PNNL

Abstract

Growing global demand of safe and low-cost energy storage technology triggers strong interests in novel battery concepts beyond state-of-art Li-ion batteries. Here we report a high-voltage rechargeable Mg–Na hybrid battery featuring dendrite-free deposition of Mg anode and Na-intercalation cathode as a low-cost and safe alternative to Li-ion batteries for large-scale energy storage. A prototype device using a Na3V2(PO4)3 cathode, a Mg anode, and a Mg–Na dual salt electrolyte exhibits the highest voltage (2.60 V vs. Mg) and best rate performance (86% capacity retention at 10C rate) among reported hybrid batteries. Synchrotron radiation-based X-ray absorption near edge structure (XANES), atomic-pair distribution function (PDF), and high-resolution X-ray diffraction (HRXRD) studies reveal the chemical environment and structural change of Na3V2(PO4)3 cathode during the Na ion insertion/deinsertion process.

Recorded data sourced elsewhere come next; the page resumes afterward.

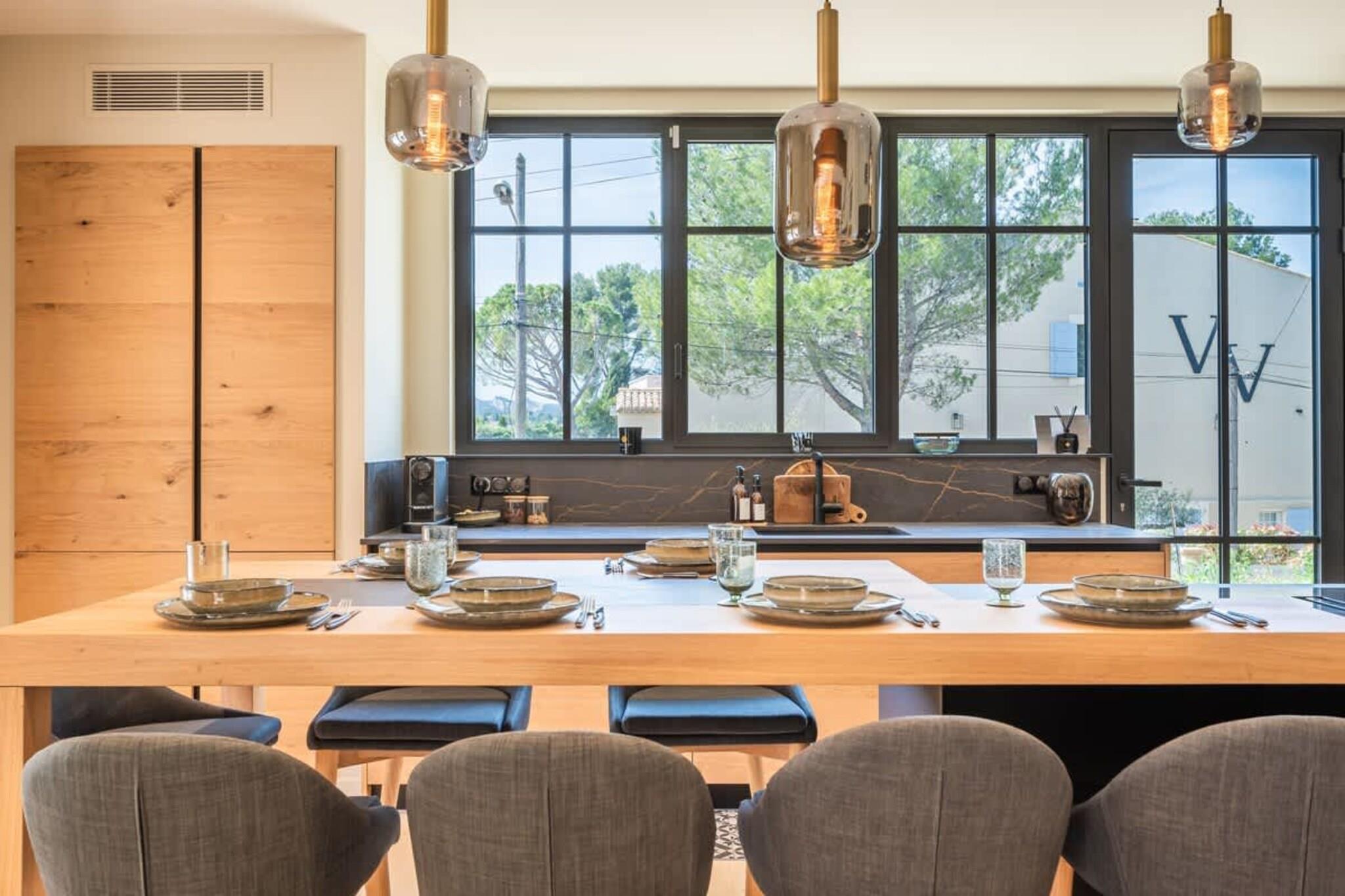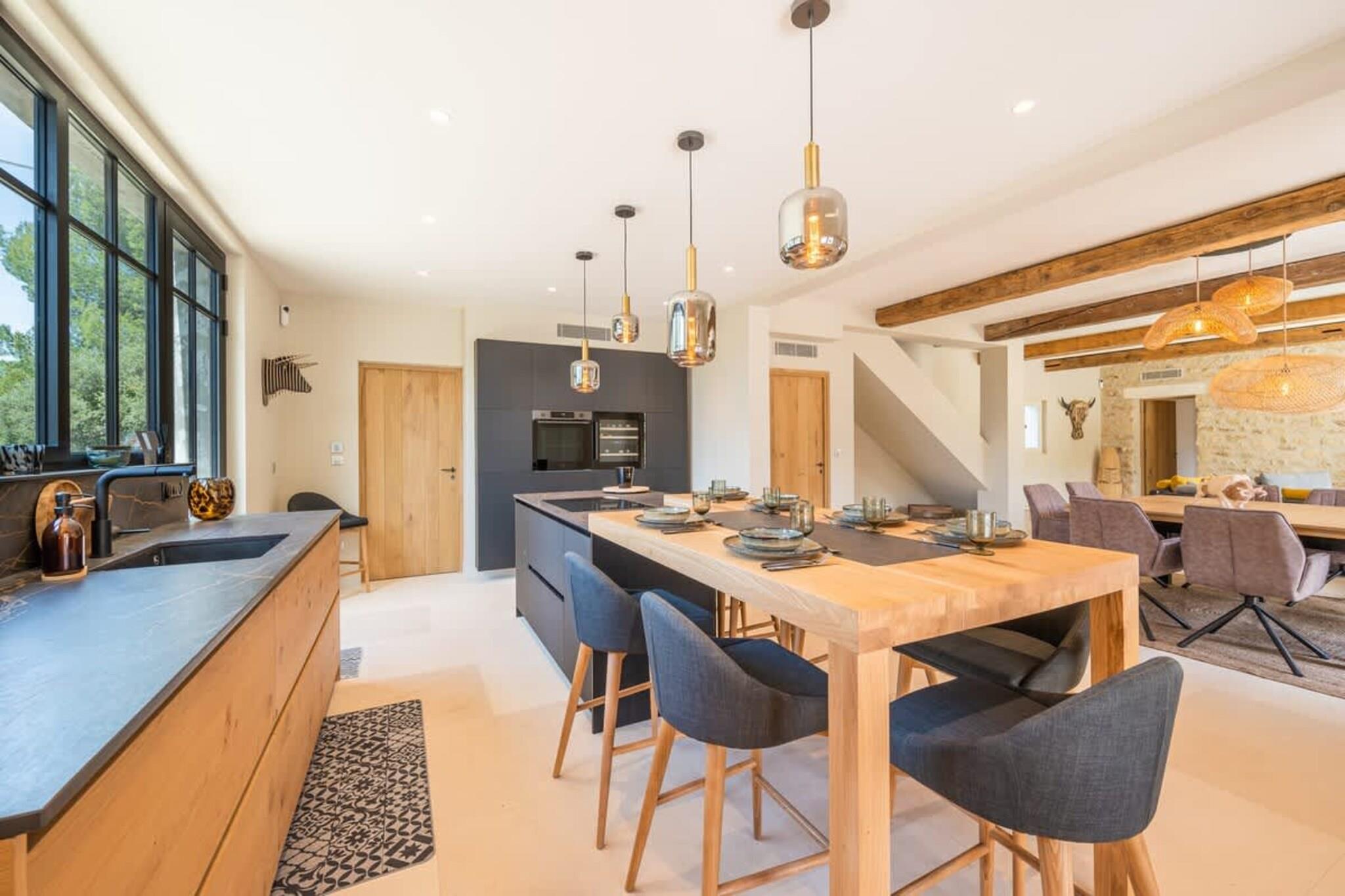 Der er en bestemt form for ro, man kun finder i Provence - oliventræer, blødt lys og stille aftener udendørs. Villa Lou Pantaï er med rette placeret i den stemning. Med et fuldstændig renoveret provencalsk hjem på en privat, grøn grund på 2.000 m² i udkanten af Alpilles Regional Naturpark, kun en kort gåtur fra centrum af Saint-Rémy-de-Provence. Villaens layout er æstetisk designet til at imødekomme komfort og luksus - i stueetagen finder du det primære opholdsområde, der samler alle, et moderne, fuldt udstyret køkken, der løber ud i spisestuen og stuen, så uanset om du laver mad, snakker eller nyder drinks, er I alle på samme sted, to soveværelser med direkte adgang til udendørs gangsti, ideelt for gæster, der kan lide at træde ud som det første med en kop kaffe. Første sal har en rummelig master suite med en overdækket terrasse og udendørs siddeområde, perfekt til afslapning i ro, og et ekstra soveværelse. Alle soveværelser er møbleret med en queensize-seng, et tv og fuldt udstyrede badeværelser. For ekstra bekvemmelighed er der et bryggers med bagage og forsyninger. Herfra kan du slentre ind i Saint-Rémys gamle gader, kigge på markeder og caféer eller besøge Saint-Paul de Mausole og det arkæologiske område Glanum, som begge ligger i nærheden og er rige på Van Gogh- og romersk historie. Eller du kan blive tilbage og nyde den enorme opvarmede pool med grøn udsigt og en kølig brise. En fredelig, poleret base i Alpilles – skabt til små grupper, der ønsker plads, komfort og nem adgang til alt, hvad der gør Provence speciel.
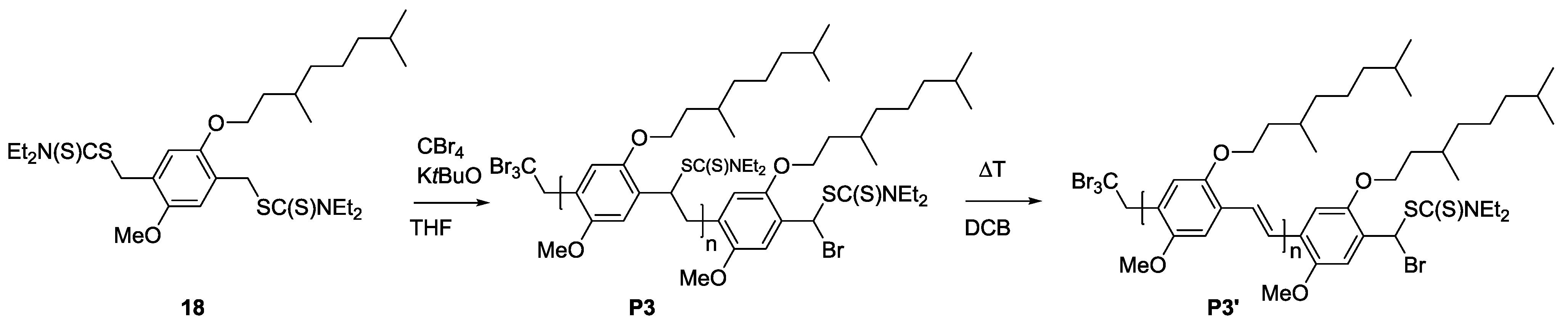 2.5.4. General Method for the Elimination of Bromine-Functionalized MDMO (P3') DTC PPV
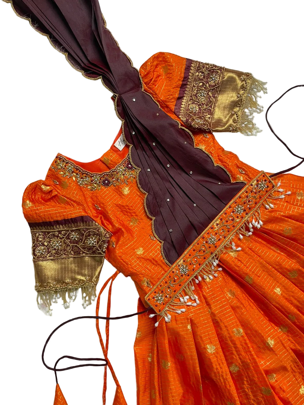 No. of. Components: 3Components: blouse, petticoat & Dupata Pattern : Type of Work: Scalloped aari work on dupatta with attached hip belt...
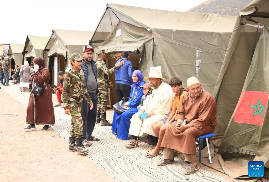 A temporary hospital specially installed for the earthquake is seen in Al Haouz Province, Morocco, Sept. 12, 2023. By Monday evening, the earthquake had killed 2,862 people and injured at least 2,562 in Morocco, according to the latest update from the Interior Ministry. (Photo by Saouri Aissa/Xinhua)
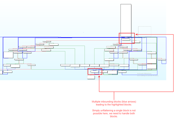 また、既存のアルゴリズムでは、すべての平坦化されたブロックにパッチを当てられない場合もありました。そこで、複数の関数を分析した結果、バイナリ全体で繰り返されるさまざまなパターンを特定しました。これらのパターンに従ってブロックを識別し、平坦化を元に戻すアルゴリズムを既存のコードベースに追加しました。最後に、コード全体を少し調整しました。以下が加えた変更の一部です。

XANES study shows a clear reversible shift of vanadium K-edge and HRXRD and PDF studies reveal a reversible two-phase transformation and V–O bond length change during cycling. The energy density of the hybrid cell could be further improved by developing electrolytes with a higher salt concentration and wider electrochemical window. This work represents a significant step forward for practical safe and low-cost hybrid batteries.